Earnings of Phoenix Petroleum Philippines Inc. before interest, depreciation and appreciation grew 41 percent year-on-year in 2021 to P3.5 billion amid solid liquefied petroleum gas performance, consistent volume growth in its commercial and overseas sales and recovering retail volume, a top executive said Wednesday.
“Our trend of delivering healthy EBITDA demonstrates our commitment to prudent management of resources and our ongoing momentum across our businesses and diversified portfolio which saw strong support from our customers and partners,” said Phoenix president Henry Albert Fadullon.
Fadullon said operating income went up 87 percent to P2.3 billion in 2021, as the company delivered double-digit sales growth compared to the same period last year as operating expenses were kept in check.
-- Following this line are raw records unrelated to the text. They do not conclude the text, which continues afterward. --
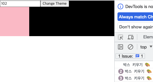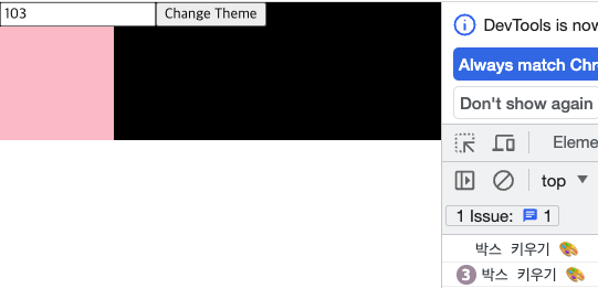 Change Theme을 클릭 시에도 useEffect가 실행된다.(박스 키우기 출력)
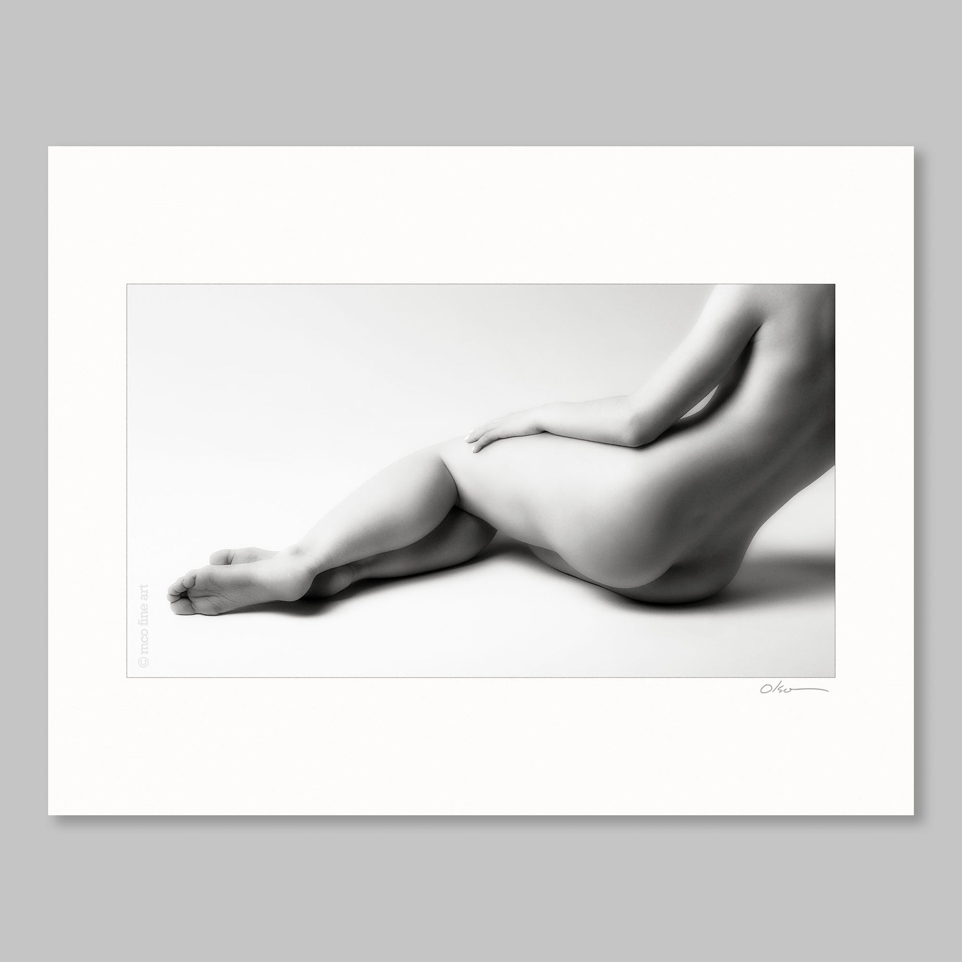 Classic, minimalist, reclining nude composition, legs and butt. Monochrome.
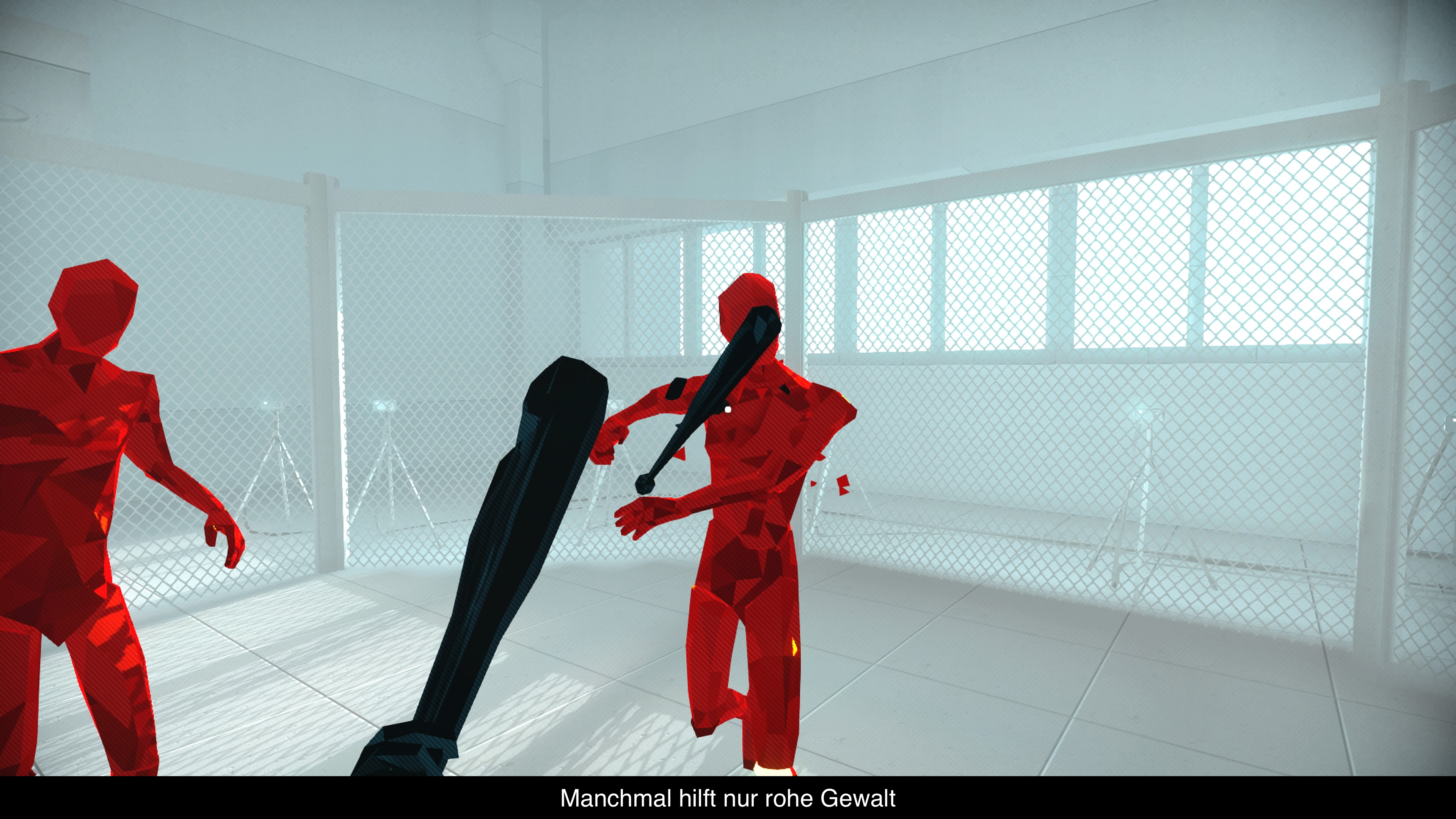 Auf den ersten Blick scheint Superhot ein recht normaler First-Person Shooter zu sein. Die Mechaniken dürften jedem bekannt sein, aber es gibt einen ganz besonderen Twist. Wenn man sich nicht bewegt, steht die Welt still. Sobald man sich aber bewegt, bewegt sich auch alles Weitere in der Welt. Das ist im ersten Moment sehr gewöhnungsbedürftig, weil die bereits eingebrannten FPS-Mechanismen in Superhot nicht greifen. Sehr schnell gewöhnt man sich aber daran und dann geht's rund. Denn das Spiel ist in mehrere relativ kurze Level eingeteilt in denen die Gegner euch umlegen wollen und ihr müsst natürlich überleben. Hierbei steht euch eine große Auswahl an Nah- und Fernwaffen zur Verfügung. Selbst mit euren Fäusten könnt ihr euch im Ernstfall zur Wehr setzen. Manchmal ist dies auch notwendig, denn durch einen gezielten Schlag könnt ihr dem Gegner die Waffe abnehmen und sie gegen ihn einsetzen. Regelmäßig muss man dabei die Waffen wechseln, da sie ein begrenztes Magazin haben und so kämpft man sich schon fast wie Neo aus Matrix durch die Level. Manchmal benötigt man etwas Trial & Error um sich die Gegnerformationen zu merken, aber wirklich frustrierend wird es dabei nie.
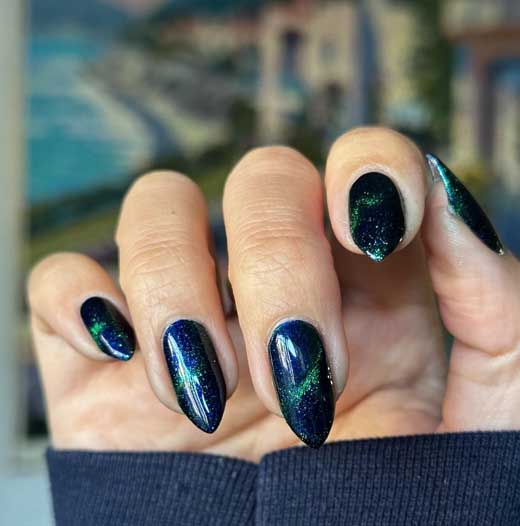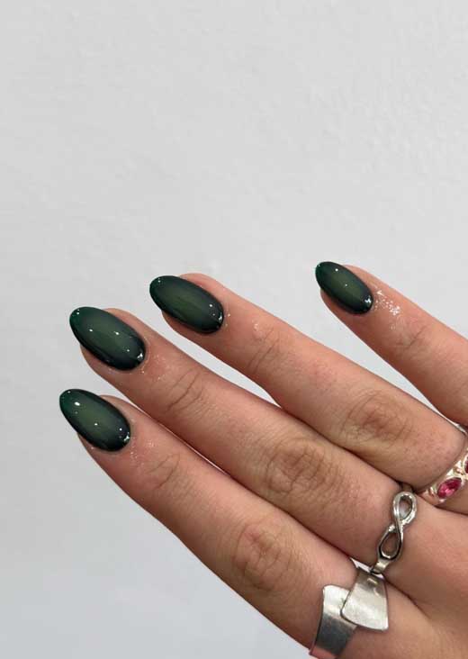 The aura effect in the design below creates a whimsical, dark, and chic witchy mood that adds a touch of sophistication to the emerald green nails.
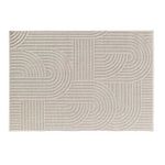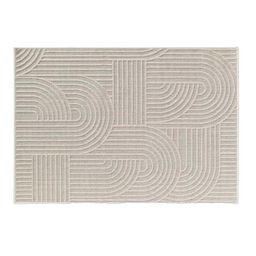 Informations Techniques : Dimensions : L. 170 x l. 120 cm Matière : 100% Polypropylène Spécificités : Pratique & Tendance Tapis déco Tissé à plat Motif en relief Design courbes Style Art Déco Forme rectangulaire Poids : 2,05 kg Couleur : Naturel
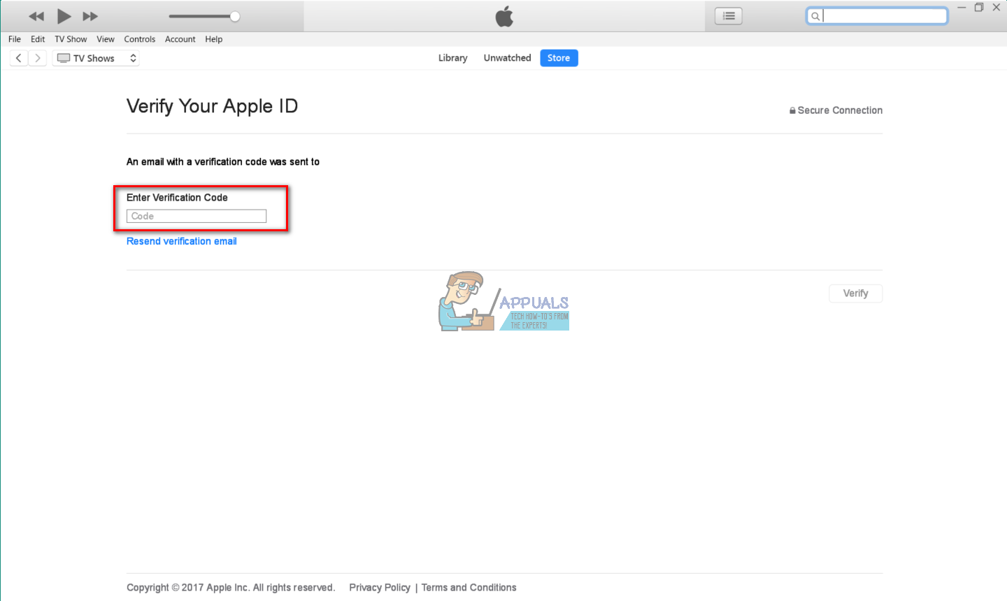 - Click Continue and iTunes will require entering the Verification Code that you have received in your email.
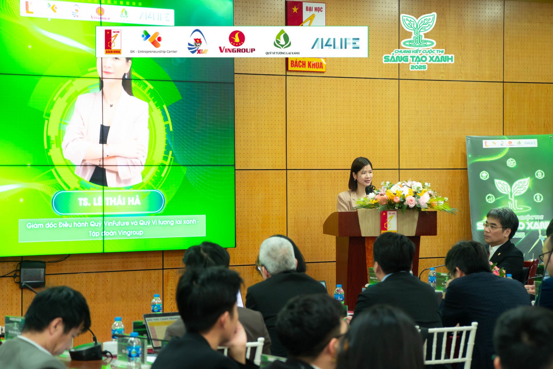 Tại buổi lễ, TS. Lê Thái Hà - Đại diện Quỹ Vì Tương Lai Xanh đã có bài phát biểu truyền cảm hứng mạnh mẽ:"Tương lai xanh không nằm trên những bản báo cáo, nó nằm trong chính tư duy dám nghĩ - dám làm của các bạn trẻ ngồi đây. Quỹ cam kết sẽ là bệ phóng vững chắc để những sáng kiến này không chỉ dừng lại ở mô hình thí nghiệm, mà phải được thương mại hóa, được ứng dụng và tạo ra tác động thực tế, góp phần đưa Việt Nam tiến nhanh hơn tới mục tiêu phát thải ròng bằng '0' ".
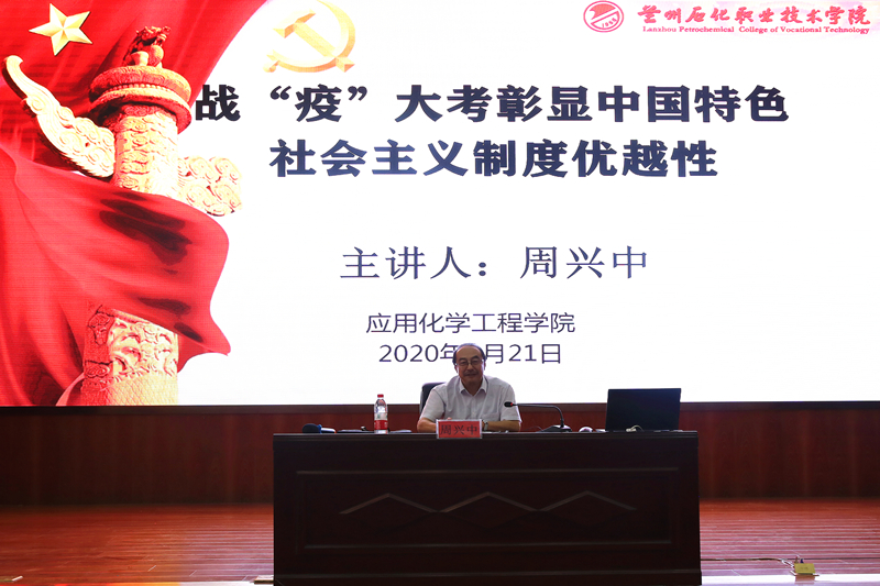 本次党课,周兴中以《战“疫”大考彰显中国特色社会主义制度优势性》为主题,围绕“全球疫情防控情况、世界经济运行状况、中国特色社会主义制度优势”三个方面详细生动地分析了疫情防控工作中取得的显著成效。他指出,今年以来,史无前例的新冠肺炎疫情给世界各国造成重大的人员伤亡和严重经济损失。然而,社会主义中国却在抗疫中取得举世瞩目成就,交出优异答卷,充分体现了中国特色社会主义制度的巨大优势。他用疫情期间悬殊巨大的新冠肺炎确诊人数、死亡数字、经济运行中的GDP正负增长数字,阐述中国和西方疫情防控的效果,论述两种制度的优劣。他还从中西方社会制度的根本差异、价值观的区别、医护人员奉献精神、全社会各个行业参与度、政府管理效能,特别是政党的领导艺术、领导能力和领导水平等层面进行深入浅出分析,最终得出结论,中国特色社会主义制度优势明显,不可比拟,只有坚持这种制度,才能使中国成为富强民主文明和谐美丽的社会主义强国,才能实现中华民族伟大复兴的“中国梦”。
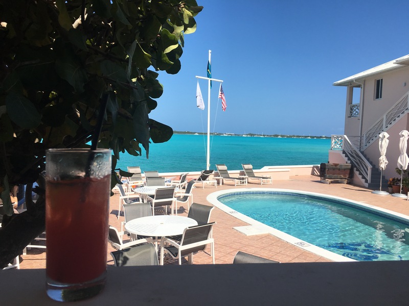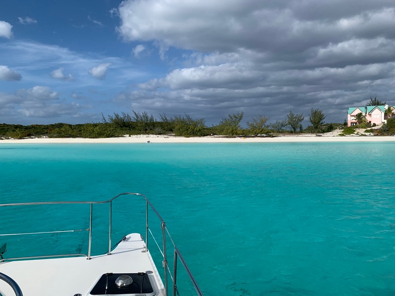 This is the view the tourists see from the Peace and Plenty Hotel looking out at the 300+ boats anchored out in the harbor.Overall it was a great season! Lots of time with old cruising & land friends, along with a some new friends. While we had planned on staying a bit longer, there is a long stretch of windy weather ahead so we need to head about 50 miles north up the Exuma chain, which allows us to cross over from the east side (basically open ocean) to the west side (the “bank side”) of the chain which has protection from the most common east winds. Over the next 2 weeks we’ll slowly continue up another 50 miles stopping at favorite spots such as Black Point, Staniel Cay, the Exuma Land & Sea Park, then Highbourne Cay.
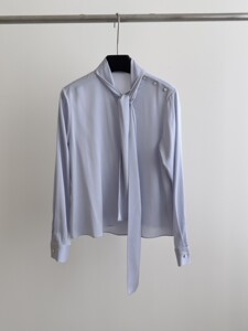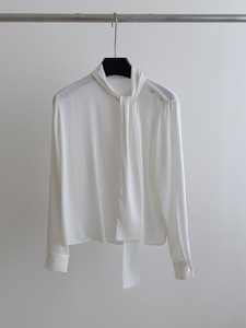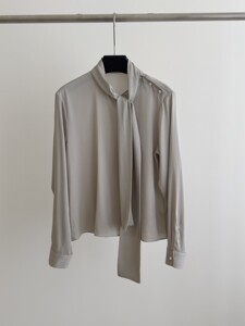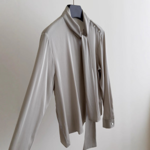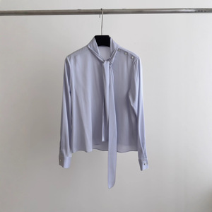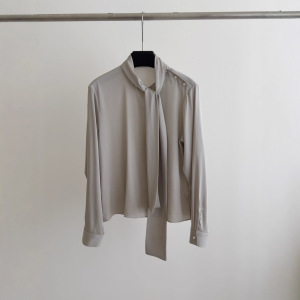 2025秋季新款简约时尚百搭飘带立领长袖系带设计纯色真丝衬衣上衣
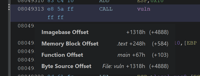Looking at this, the stack does indeed have our input, but since the buffer isn’t really small, we can’t really see the return address we are looking for on the stack. By the way, the return address we are looking for on the stack can be found easily in the disassembler window by looking at the next instruction after the vuln function call:
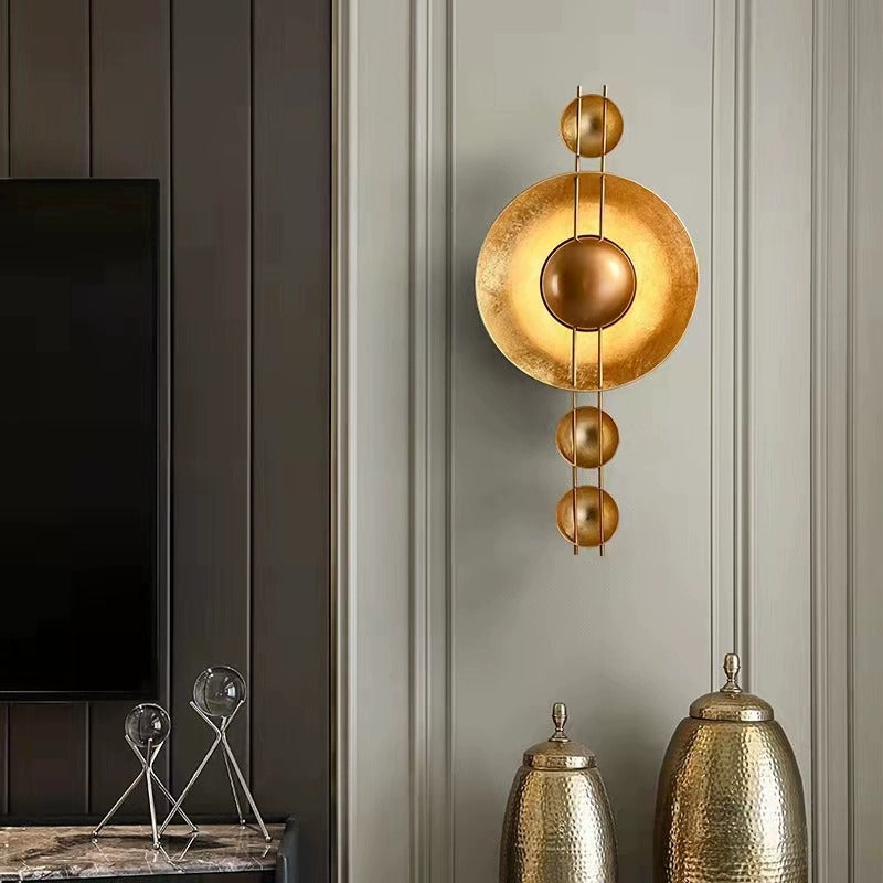 Modern Shabby Chic Round Iron Gold Foil LED Wall Sconce Lamp For Bedroom

He said despite the challenges in new cases and emerging geopolitical risks that drive volatility in global oil prices, Phoenix benefited from strong domestic volume from improving quarterly retail performance and new canister business in LPG.
“The combination of an improved operating earnings performance underpinned by continued debt reduction and the resilience of our businesses backed by active management of our inventories and receivables, help us mitigate the impact on demand and working capital,” said Fadullon.
“These further establish our position as a leading independent oil company that provides retail fuels and business-to-business services and offerings that cater to our customers and partners,” he said.
Phoenix operates close to 700 retail outlets nationwide and expanded to other businesses including terminaling and hauling services, asphalt, car repair and maintenance, FamilyMart convenience stores and digital transactions.
Phoenix also has an overseas presence in Singapore, Vietnam and Indonesia.